§ **GIVEN DATA**
>>

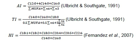 The AI, TI, and HI indices were calculated from the FA profile using the following equations:
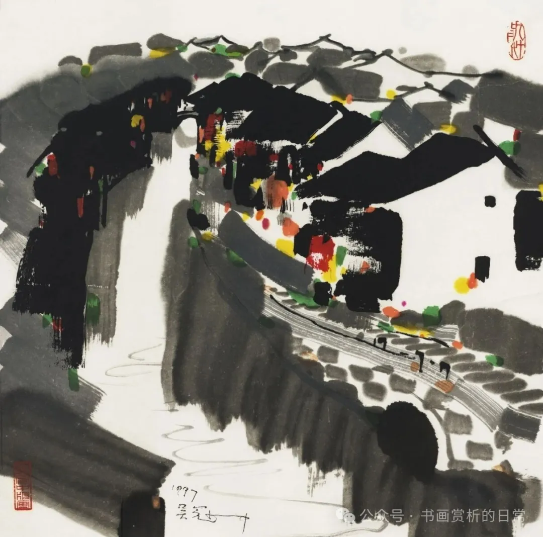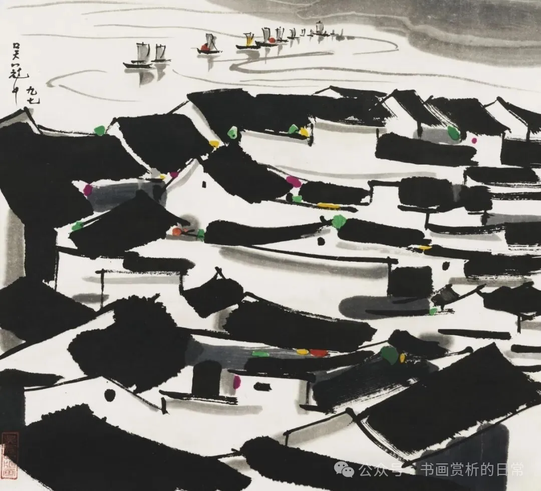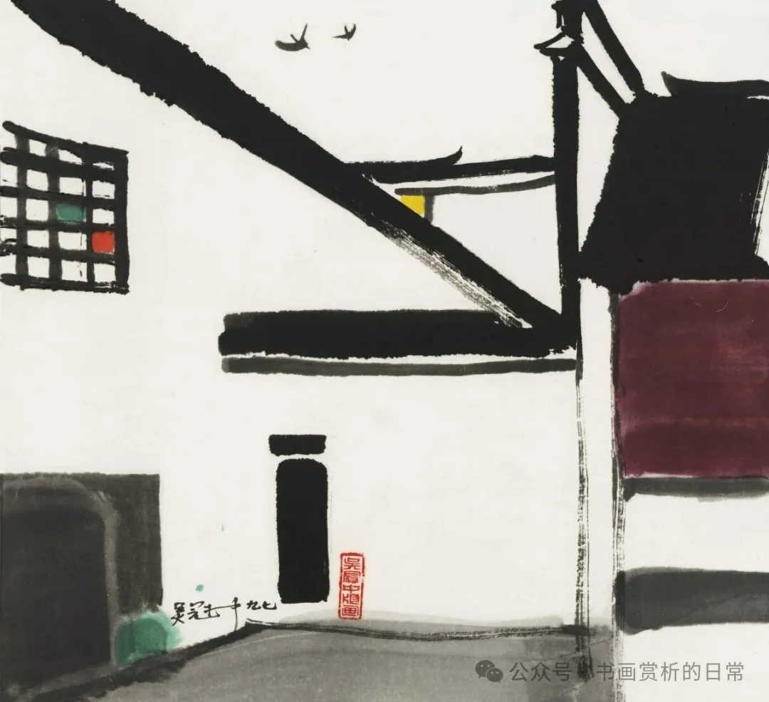吴冠中(1919-2010)江苏宜兴人,追求艺术的形式化,中国现代绘画史上极具代表性和争议的艺术大师。 江南民居的建筑辨识度很高,粉墙黛瓦,是吴冠中的家乡,是吴住过的房子……,有其儿时的记忆,精神的寄托。吴冠中对江南民居的表现,删繁就简,将江南民居提炼为点线面的组合,白墙、屋顶为面,窗为点,房屋轮廓为线,也符合吴冠中形式美的艺术追求。 图片来自网络 《1982年》 《1982年》 《临河人家》 《...
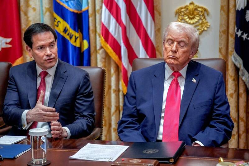 美國總統川普(右)2日在內閣會議上開嗆索馬利亞移民,左為國務卿魯比歐。(彭博社)
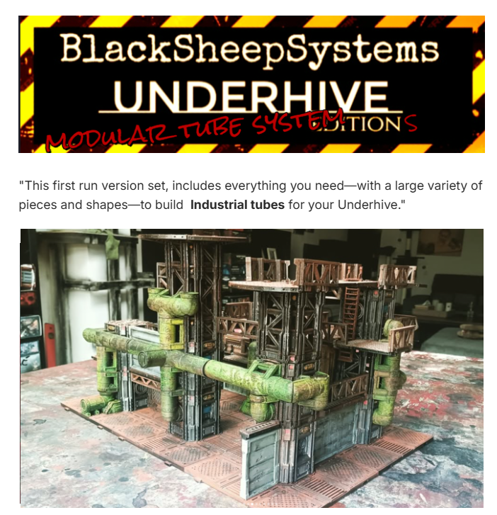 It's the first BlackSheepSystems edition, to be released for building or expanding your Underhive.
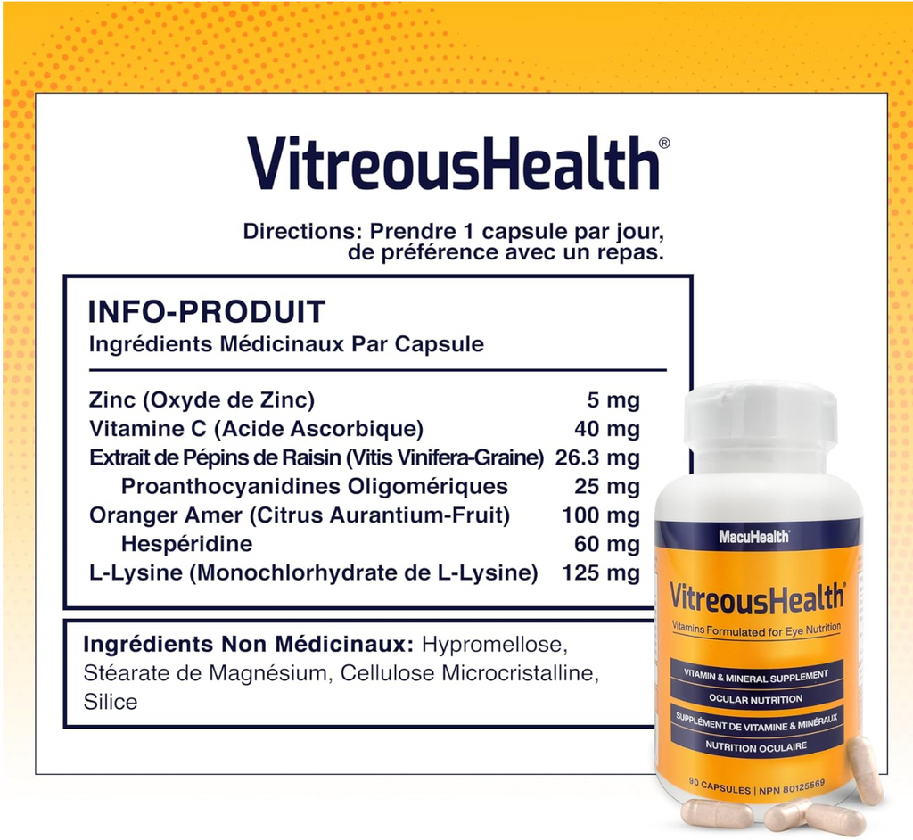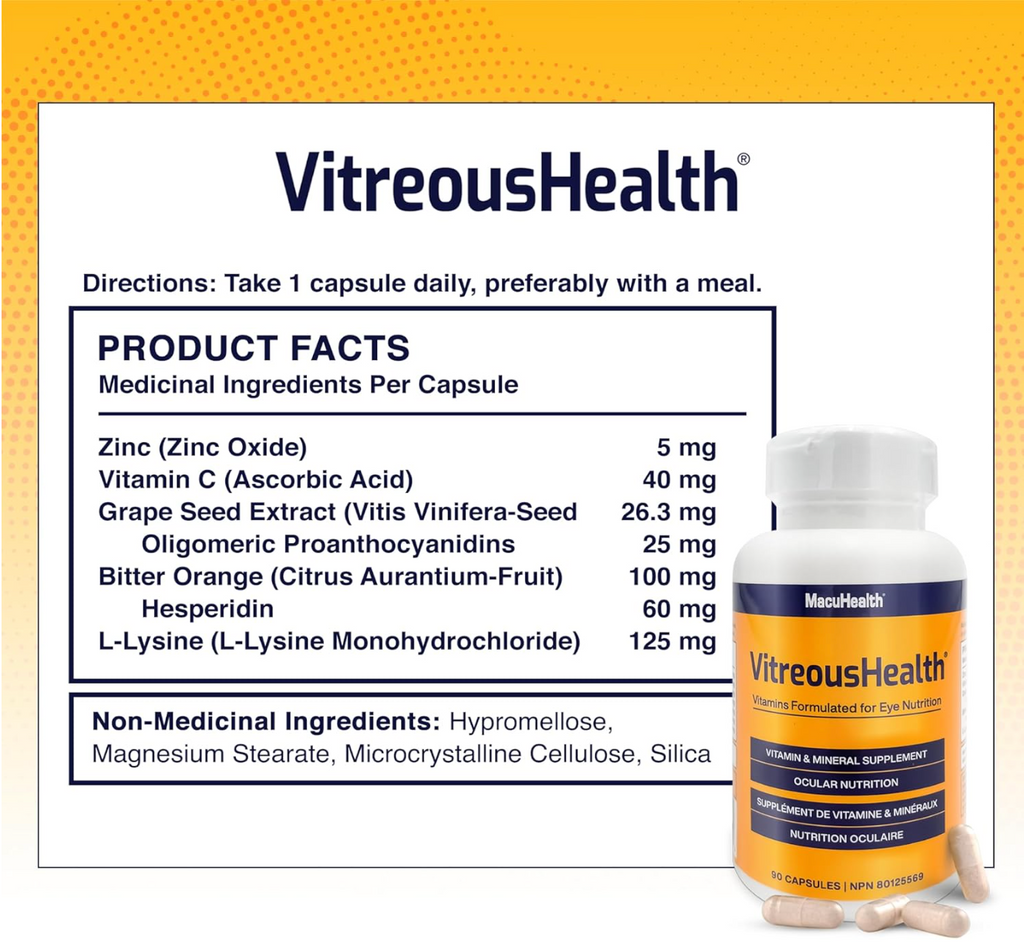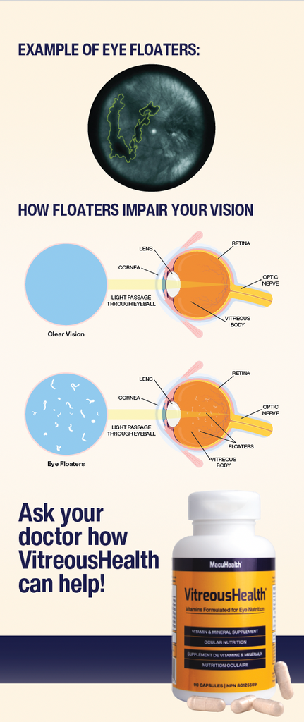 VitreousHealth is an eye floater formula that contains antioxidant and anti-glycative nutrients, the effectiveness of which was published in Translational Vision Science and Technology.
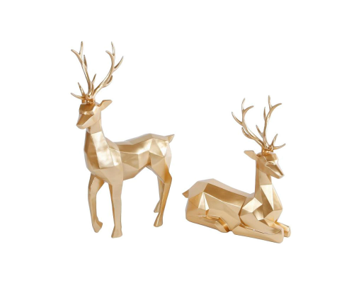 Sculptuur GeoDeer ant.goud a2 polystone 25x9x29/25x10x39
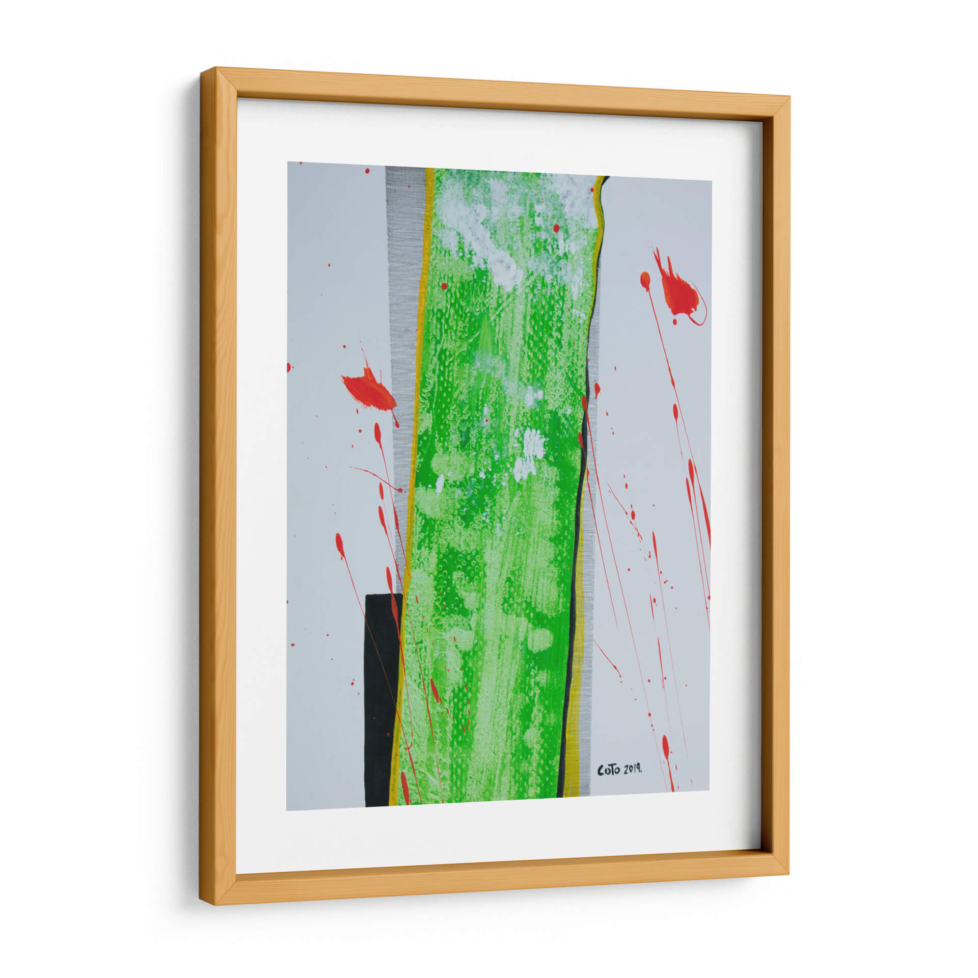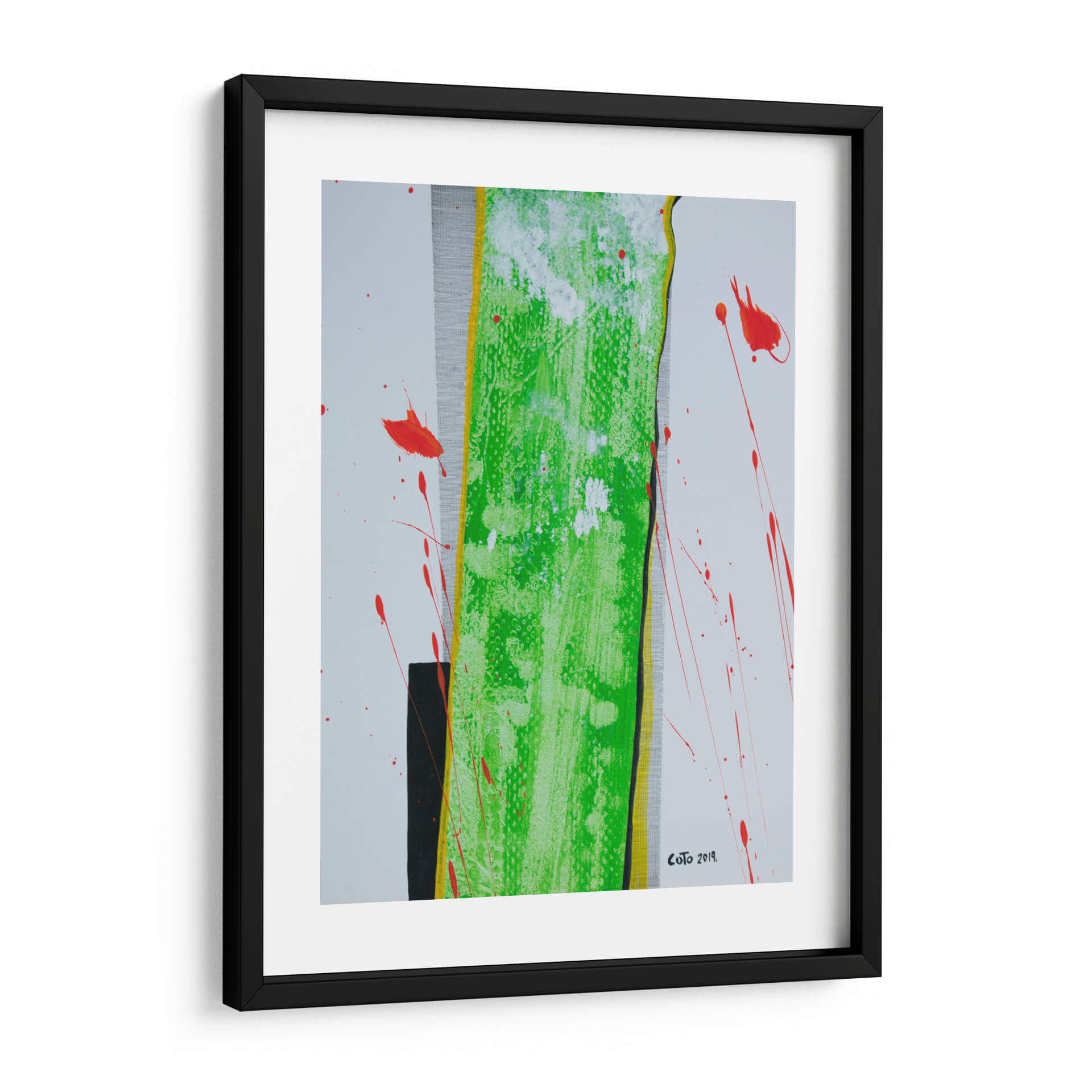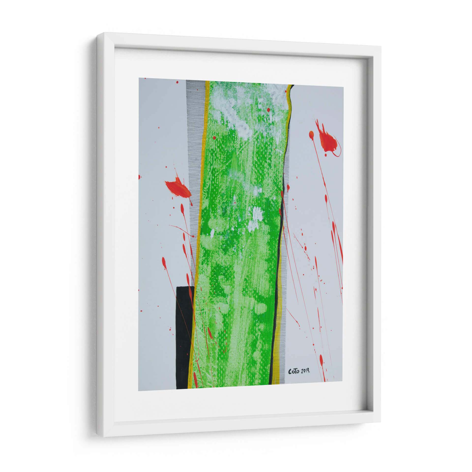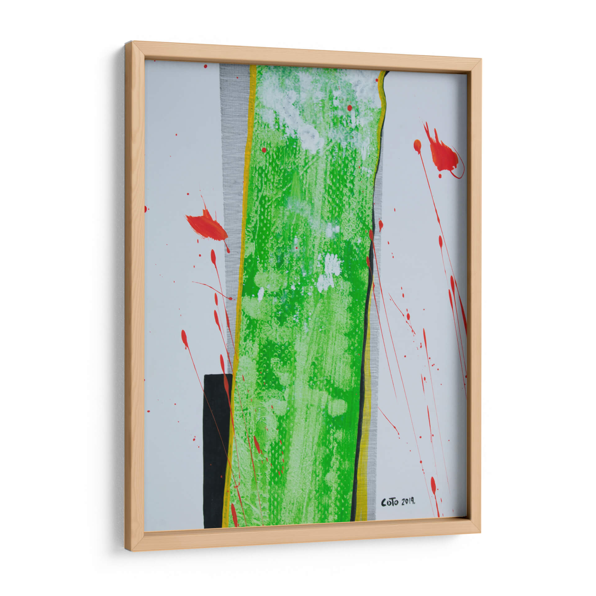 Sumérgete en la vibrante energía de "La Columna", una obra de arte contemporáneo que desafía las convenciones y cautiva la mirada. Este cuadro decorativo abstracto se caracteriza por su audaz uso del color, destacando una imponente franja central de un verde eléctrico y texturizado, bordeada por vibrantes toques de amarillo y negro. Salpicaduras de un rojo intenso rompen la serenidad del fondo blanco y gris texturizado, añadiendo un dinamismo inesperado y una sensación de movimiento que invita a la reflexión. La composición, aunque abstracta, evoca una estructura sólida y vertical, similar a una columna, que se ve acentuada por las líneas y contrastes. Es una pieza que combina la fuerza con una delicada explosión de color, perfecta para inyectar personalidad y un toque de arte moderno a cualquier espacio. Ideal para salas de estar, oficinas o cualquier lugar donde se busque un punto focal inspirador y lleno de vida. "La Columna" es más que una decoración; es una declaración de estilo y una invitación a experimentar la abstracción en su máxima expresión, aportando sofisticación y un toque de vanguardia a tu ambiente.
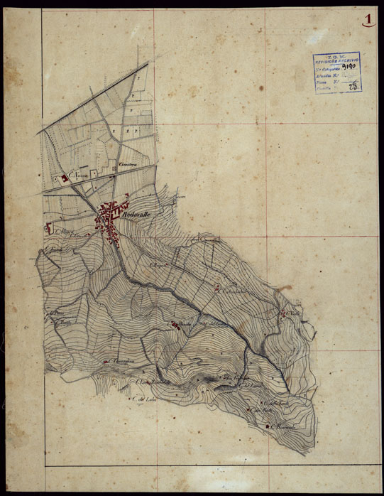 "Gruppo di porzioni di minute di campagna alla scala di 1:10.000, dei rilevamenti eseguiti nel 1853-1867 che servirono per la compilazione delle tavolette del documento n. 206. Sono riunite a fascicoli ognuno con un quadro d'unione dei singoli rilevamenti eseguiti, per ciascuna tavoletta è riportato il nome degli operatori. Il documento è suddiviso nelle cartelle 27 e 28."

<<

§ **WHAT TO DO**
Faithful copy, images left out: write out every line of data.

§ **RESPONSE**
 The AI, TI, and HI indices were calculated from the FA profile using the following equations:
吴冠中(1919-2010)江苏宜兴人,追求艺术的形式化,中国现代绘画史上极具代表性和争议的艺术大师。 江南民居的建筑辨识度很高,粉墙黛瓦,是吴冠中的家乡,是吴住过的房子……,有其儿时的记忆,精神的寄托。吴冠中对江南民居的表现,删繁就简,将江南民居提炼为点线面的组合,白墙、屋顶为面,窗为点,房屋轮廓为线,也符合吴冠中形式美的艺术追求。 图片来自网络 《1982年》 《1982年》 《临河人家》 《...
 美國總統川普(右)2日在內閣會議上開嗆索馬利亞移民,左為國務卿魯比歐。(彭博社)
 It's the first BlackSheepSystems edition, to be released for building or expanding your Underhive.
 VitreousHealth is an eye floater formula that contains antioxidant and anti-glycative nutrients, the effectiveness of which was published in Translational Vision Science and Technology.
 Sculptuur GeoDeer ant.goud a2 polystone 25x9x29/25x10x39
 Sumérgete en la vibrante energía de "La Columna", una obra de arte contemporáneo que desafía las convenciones y cautiva la mirada. Este cuadro decorativo abstracto se caracteriza por su audaz uso del color, destacando una imponente franja central de un verde eléctrico y texturizado, bordeada por vibrantes toques de amarillo y negro. Salpicaduras de un rojo intenso rompen la serenidad del fondo blanco y gris texturizado, añadiendo un dinamismo inesperado y una sensación de movimiento que invita a la reflexión. La composición, aunque abstracta, evoca una estructura sólida y vertical, similar a una columna, que se ve acentuada por las líneas y contrastes. Es una pieza que combina la fuerza con una delicada explosión de color, perfecta para inyectar personalidad y un toque de arte moderno a cualquier espacio. Ideal para salas de estar, oficinas o cualquier lugar donde se busque un punto focal inspirador y lleno de vida. "La Columna" es más que una decoración; es una declaración de estilo y una invitación a experimentar la abstracción en su máxima expresión, aportando sofisticación y un toque de vanguardia a tu ambiente.
 "Gruppo di porzioni di minute di campagna alla scala di 1:10.000, dei rilevamenti eseguiti nel 1853-1867 che servirono per la compilazione delle tavolette del documento n. 206. Sono riunite a fascicoli ognuno con un quadro d'unione dei singoli rilevamenti eseguiti, per ciascuna tavoletta è riportato il nome degli operatori. Il documento è suddiviso nelle cartelle 27 e 28."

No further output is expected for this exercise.